Это сказано с самоосуждением — какого ее работа совершенно не заслуживает. Слово «романс», вынесенное на обложку, кажется проявлением самоиронии, но на самом деле это прекрасное признание. Отвлечемся на минуту от текста Степановой и вспомним об аберрациях совсем иного рода и качества — тех, с которыми мужественно боролся покойный академик Андрей Зализняк. Я говорю о «новой хронологии», запросто отождествляющей Россию с Ирландией и слепляющей нескольких императоров в одну фигуру. Мне часто кажется, что «новая хронология», задорновская этимология, чудиновские иероглифы на поверхности Солнца — это несостоявшаяся поэзия, фатально принятая за науку. У Степановой все по-другому: она пишет исследование о реальных вещах, но не называет его (подобно Солженицыну) «опытом художественного исследования», а сообщает ему легкое, контрастирующее с весомостью книги определение — «романс». 

Если, опять же в духе оправданных поэзией лингвистических выкладок, разложить это слово, мы получаем «роман с» — в данном случае роман с памятью, в обоих, разумеется, смыслах этого слова. То, что делает Степанова, — дело любви, ну а слово «романс» говорит нам о пении — и о том песенном жанре, к которому близка ее поэзия. Романс — жанр городского фольклора, наполненный той самой избыточной красотой «секретиков», что казалась излишней в позднесоветском мире «достойной и бодрой скромности». Под любовным взглядом эта красота раскрывается, «все рифмуется со всем», кажущаяся низость жанра становится совершенно неважной, а его общественность (все знают эти романсы, все их пели) парадоксальным образом высвечивает уникальность каждого поющего. 

В одном месте этой книги Степанова признается, что часто представляет себе такое: если бы у дней, конкретных дат в личной истории, были дети, сколько сейчас им было бы лет?
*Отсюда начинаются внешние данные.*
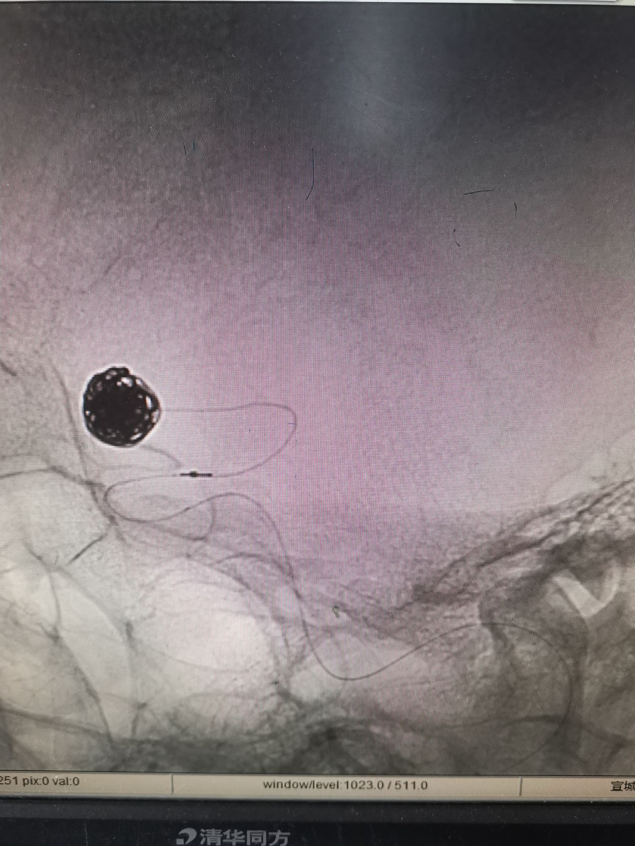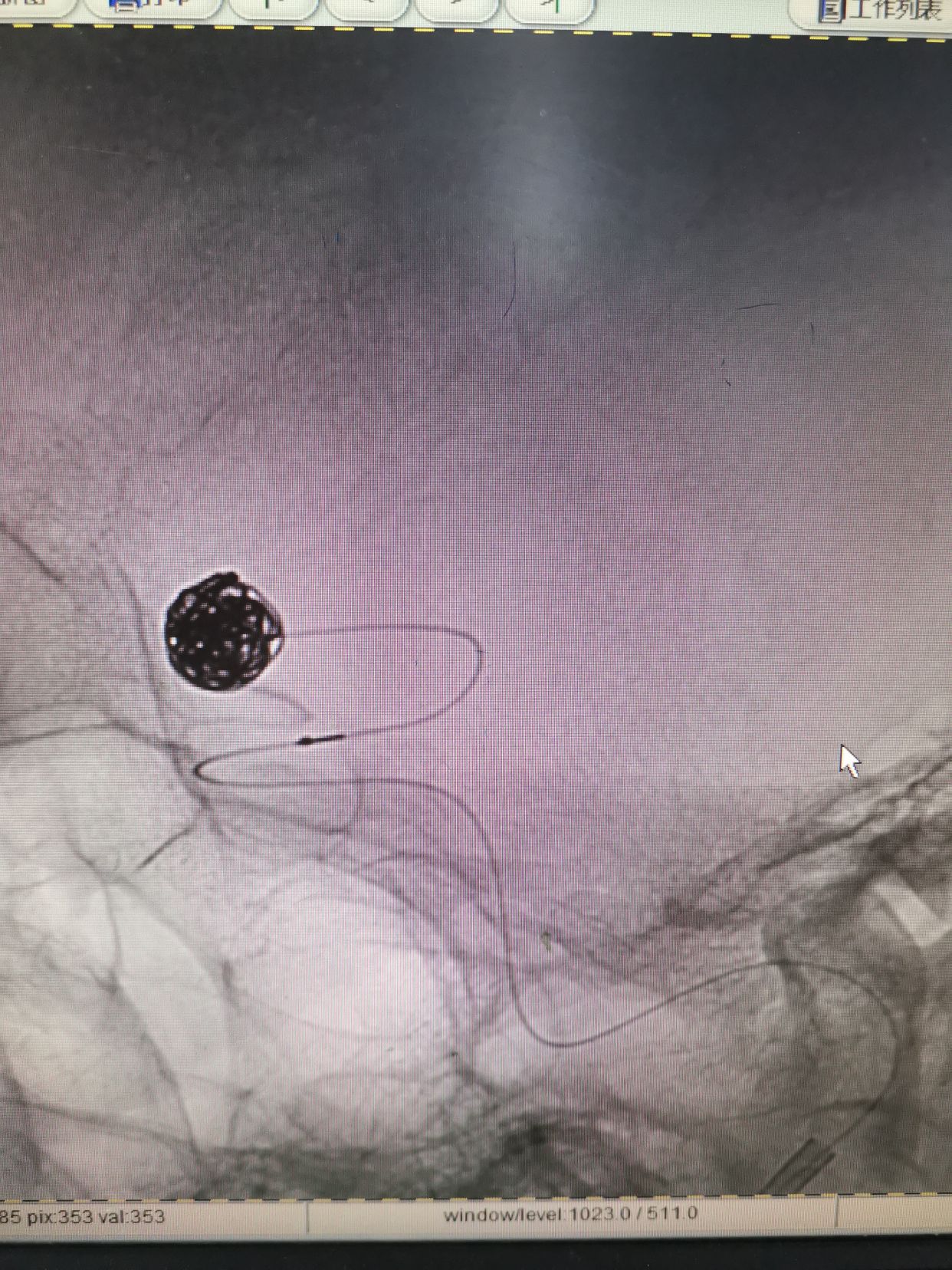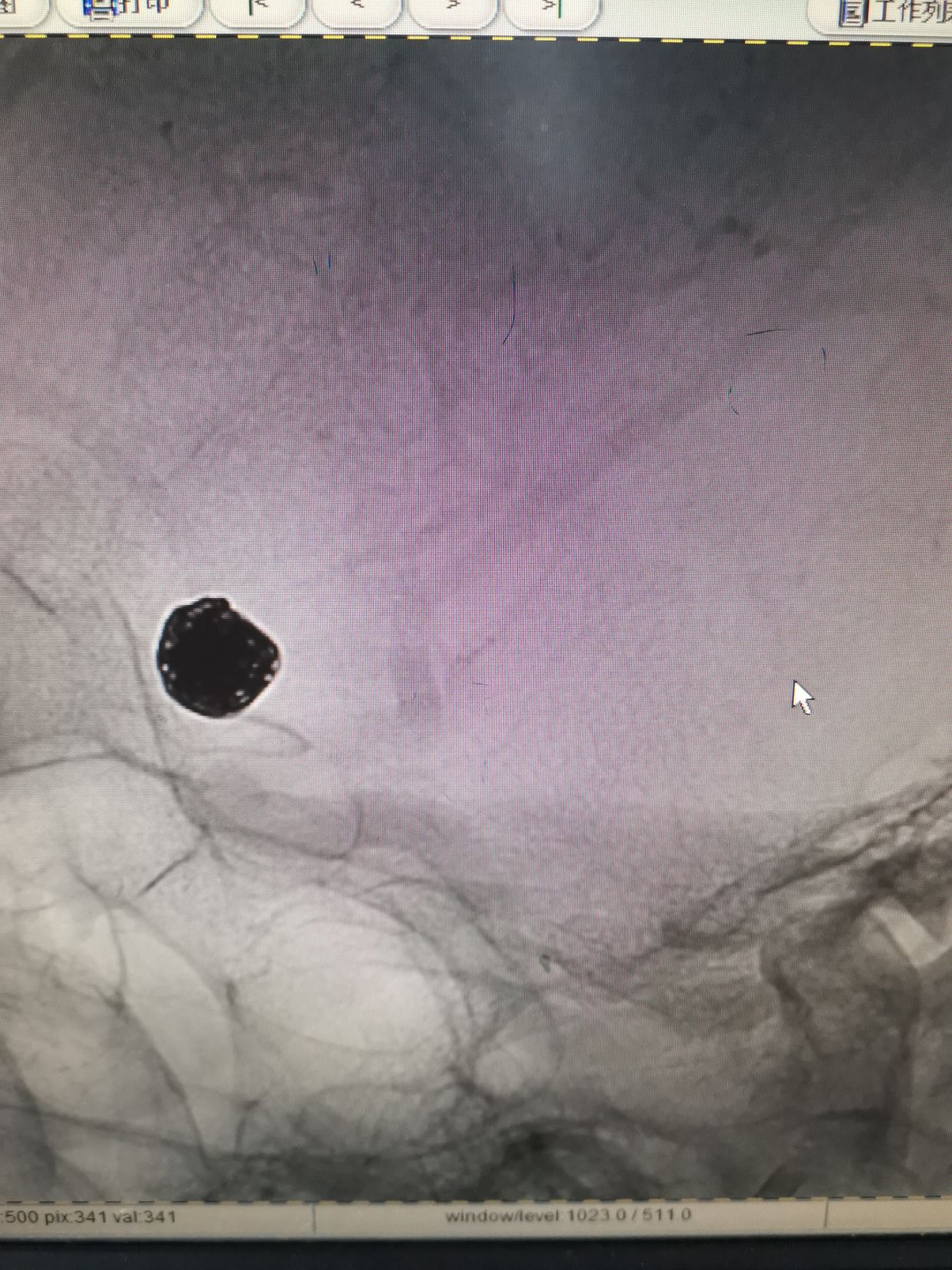 介入填塞过程顺利,用时大约半小时,期间予20%甘露醇250ml静滴。后立即转入手术室行右侧开颅脑内血肿清除术。

Можно представить себе неменьшую абстракцию: если бы у целей была судьба?.. Когда-то давно Мария Степанова поставила перед собой простую цель — написать книгу о своей семье. По мере многолетней работы эта цель чуть не пришла к провалу, но, преодолев множество испытаний и этических пропастей, взглянув во множество зеркал, которые держали перед ней предшественники, — она сумела-таки осуществиться. Рассказать о своей семье вдруг становится возможно. Становится возможно заново рассыпать и собрать мозаику. «Памяти памяти» — это книга памяти громадного путешествия, и путеводная нить сохранена для читателей.